Recent bombings of civilians in ongoing conflicts in Libya, Ivory Coast and Gaza highlight the human suffering caused by explosive weapons in populated areas.

The use of explosive weapons in Libya’s city centers by government forces and rebel groups has caused widespread devastation. In March, the shelling of a market in Ivory Coast’s commercial capital, Abidjan, killed up to 30 civilians and wounded about 60 more.

A recent spike in the use of explosive weapons in populated areas of both Gaza and Israel has resulted in a sharp increase in civilian casualties, especially among children.

Esther Cann is a research coordinator for Action on Armed Violence and an author of a study on Explosive Weapons in Populated Areas. She said the impacts of these devices often are indiscriminate, severe and far reaching.

"When populated areas are bombed, up to 90 percent of the casualties are civilians. In the last six months, at least 10,000 civilians have been killed and injured by explosive weapons in populated areas. So, while some of these casualties are happening in well-known contexts that we hear about in the news every day, like Afghanistan, Iraq and Libya, they are also a really big problem in places that we hear about less like Burma, Mexico and Sudan."

Cann said the harm done to civilians by these explosive devices is unacceptably high. At the same time, she said governments have failed to justify their military value.

"So, we think that states and uses of explosive weapons should be clear and transparent, and that they should tell us how they assess the damage they cause, that they should publish the data and that should be used to assess the victims. Our research, that we presented in the report shows that this can be done."

Thomas Nash, communications coordinator for the International Network of Explosive Weapons, said, "What this Network is saying is that governments have a responsibility to measure the impact of what they are doing and to make a serious genuine evaluation before they undertake a strike about whether this is going to be unacceptable in terms of civilian damage.

"And, this is really an issue with quite a drastic scope. If we think about the use of bombs in populated areas and civilian areas. It is happening all the time and it is causing a huge amount of humanitarian suffering."

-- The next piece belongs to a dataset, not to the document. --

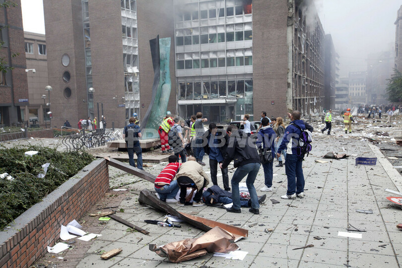 ノルウェーの首都オスロ(Oslo)で、政府庁舎ビル付近の爆発で負傷した人を救助する人びと。この事件でアンネシュ・ベーリング・ブレイビク(Anders Behring Breivik)容疑者が逮捕された(2011年7月22日撮影)。(c)AFP/SCANPIX/HOLM MORTEN
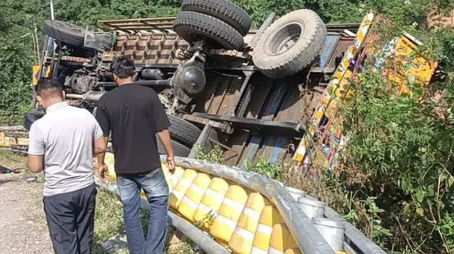 ਕੁਝ ਸ਼ਰਧਾਲੂ ਡਰ ਦੇ ਮਾਰੇ ਚੱਲਦੇ ਟਰੱਕ ਵਿੱਚੋਂ ਛਾਲ ਮਾਰ ਗਏ। ਥੋੜ੍ਹੀ ਦੂਰੀ 'ਤੇ, ਰਾਧਾ ਸਵਾਮੀ ਸਤਿਸੰਗ ਭਵਨ ਧਾਲਿਆਰਾ ਦੇ ਨੇੜੇ, ਟਰੱਕ ਅਚਾਨਕ ਕੰਟਰੋਲ ਗੁਆ ਬੈਠਾ, ਪਲਟ ਗਿਆ ਅਤੇ ਖੱਡ ਵਿੱਚ ਡਿੱਗ ਗਿਆ।

Nick Martlew of Save the Children said it is not possible to know how many of the civilian casualties caused by explosive weapons are children. But, he said evidence suggests children make up a substantial proportion of those killed and injured.

"The impacts on children of the use of explosive weapons in populated areas, that is a global menace on children," he said. "That is, unfortunately, not exceptional… So, from Afghanistan to Yemen, from Sri Lanka to Somalia, children are facing horrific injury and lasting damage from these explosive weapons."

Martlew said children suffer greater physical distress than adults from explosive weapons.

"Children’s bodies offer them less protection than ours do. Explosive blasts produce complex injuries that are harder to heal. And, recovery can be tortuous because children’s bodies are still growing. But, the damage is not just physical. Children disabled by a mortar shell or by an IED (improvised explosive device) are more likely to be exploited or neglected. The emotional trauma is going to be greater because he is still going through childhood and development," said Martlew. "And, children affected by this kind of violence are more likely to have difficulty concentrating in school, if their school is still standing."

The International Network on Explosive Weapons may be a new organization. But, its membership is made up of veterans of previous battles against weapons that cause inordinate harm to civilians.

Several of the groups, such as Handicap International, Human Rights Watch and Oxfam, played major roles in the movement that succeeded in achieving the 1997 treaty to ban land mines. They also had a hand in getting an international agreement limiting the use of cluster weapons signed in 2008.

The Network believes it can achieve a similar success in restricting the use of explosive weapons.